Per lei, nata a Torino, la Calabria era l’estate, il mare cristallino di Soverato, la chitarra da suonare con gli amici sulla spiaggia e quella libertà che finiva a settembre, non appena si tornava tra le nebbie del Nord. Qui, a Palermiti – paese immerso nel verde sopra il Golfo di Squillace, dal quale il padre Gabriele partì per andare a studiare a Torino – Patrizia Giancotti ha cominciato a costruire la sua avventura umana e professionale straordinariamente singolare. Una antropologa-fotografa divenuta famosa girando il mondo che ha dedicato decine di anni alla ricerca in Brasile – con tanto di onorificenza conferitale dal governo – più di cento reportage pubblicati e oltre cinquanta mostre fotografiche allestite in Italia e all’estero, decine di programmi radiofonici realizzati e numerosi cortometraggi.
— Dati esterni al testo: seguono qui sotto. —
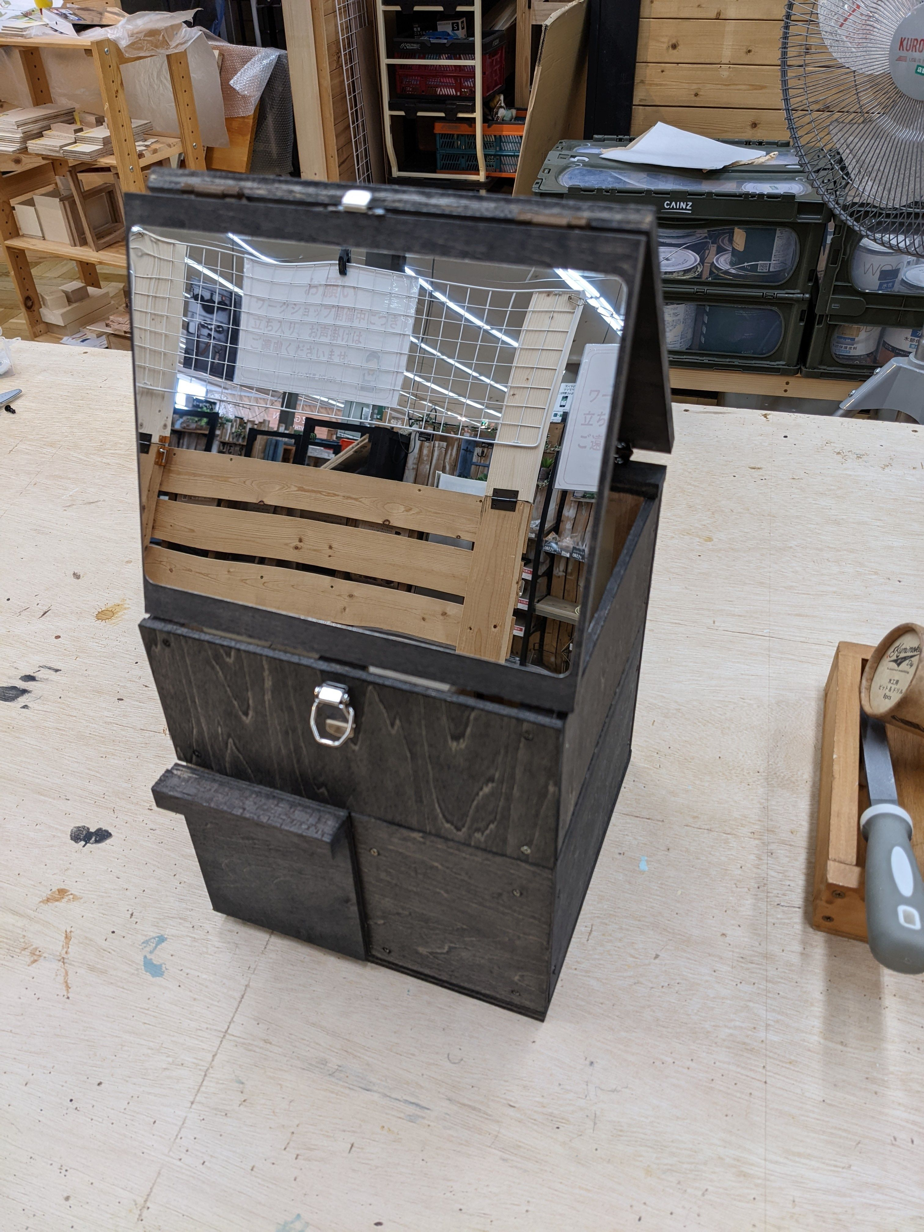 トップ > その他 > 持ち運びできる化粧箱 おひで 2022/03/07 14:17 持ち運びできる化粧箱 今日はホームから離れて浜松雄踏店でws。化粧箱を作りました。色は黒にしましたが、木目が出ていい仕上がり。 いいね 共有する 共有する X LINE リンクをコピー コメントする 8 件の返信 (新着順) ミュートしたユーザーの投稿です。 投稿を表示 ねこニャン 2022/03/08 09:08 黒は木目がでて 焼杉みたいで素敵ですね。 高級感ありありです。 この化粧箱 作りたい作品なんです。 ただ 娘のリクエストNo.1なので とられることは 確定なんですが・・・😔 いいね 返信する ミュートしたユーザーの投稿です。 投稿を表示 ハリー 2022/03/08 08:36 えっ🤯浜松雄踏店で参加されてたんですね😲午前中ちょっとカインズに買い物に行き、工房でWSやってるなぁって思ってちょっと覗いてました👀マイストアはどちらなんでしょう? この色いい色で、木目綺麗に出てますね👍 いいね 返信する ミュートしたユーザーの投稿です。 投稿を表示 おひで 2022/03/08 08:47 マイストアは吉田です。どちらも教えてくださる方が熱心でとても感じがいいですよ! いいね 返信する ミュートしたユーザーの投稿です。 投稿を表示 ハリー 2022/03/08 13:26 吉田店ですか、浜松からだと1時間ちょっとくらいで行けますね、吉田店WSの回数と、大作が多いなぁって思ってました。 いいね 返信する ミュートしたユーザーの投稿です。 投稿を表示 わいず 2022/03/07 19:22 素敵なのが出来ましたね😊いいなぁ😍 いいね 返信する ミュートしたユーザーの投稿です。 投稿を表示 Beni 2022/03/07 19:12 おひでさん、木目が綺麗に出てて、ステキですね💕 いいね 返信する ミュートしたユーザーの投稿です。 投稿を表示 みんみん 2022/03/07 16:32 お化粧をする時に、姿勢を正してかしこまってしまうくらい、とても高貴なステキなお化粧箱ですね✨ 私の近くの店舗でもやってほしいです😥 いいね 返信する ミュートしたユーザーの投稿です。 投稿を表示 asa 2022/03/07 16:10 すごい✨ こんなのがあるんですね! かわいいけど、作るの大変そうですね😅 いいね 返信する ミュートしたユーザーの投稿です。 投稿を表示 シダーローズ 2022/03/07 15:58 こんなの作れるんですか?もうほとんど職人じゃ無いですか! いいね 返信する ミュートしたユーザーの投稿です。 投稿を表示 べるん 2022/03/07 14:28 初めて拝見しました😀 形も楽しそうな素敵な化粧箱ですね✨ いいね 返信する

Ma poi, la scelta che non ti aspetti: insegnare antropologia all’Accademia di Belle Arti di Reggio e trasferirsi in quel paese tra le montagne affacciate al mare per dedicare il suo lavoro di valorizzazione e divulgazione culturale alla nostra regione. Per coltivare quel “seme” della ricerca e della curiosità che l’ha sempre inseguita, aprendole sfide infinite.
«Ho imparato presto ad amare sapori, suoni, profumi e gesti della mia terra e certo non immaginavo potessero diventare i miei “oggetti di studio” all’interno di una disciplina che ancora non sapevo si chiamasse antropologia. Ma quelle canzoni raccolte dalla bocca della zia Caterina, quel pane impastato dentro la maida da mia cugina Silvana e quei passi di danza incorniciati dalle luminarie della festa – racconta Patrizia – hanno acceso in me un grande amore per la cultura tradizionale, un interesse per il sacro e per il rapporto tra uomo e natura».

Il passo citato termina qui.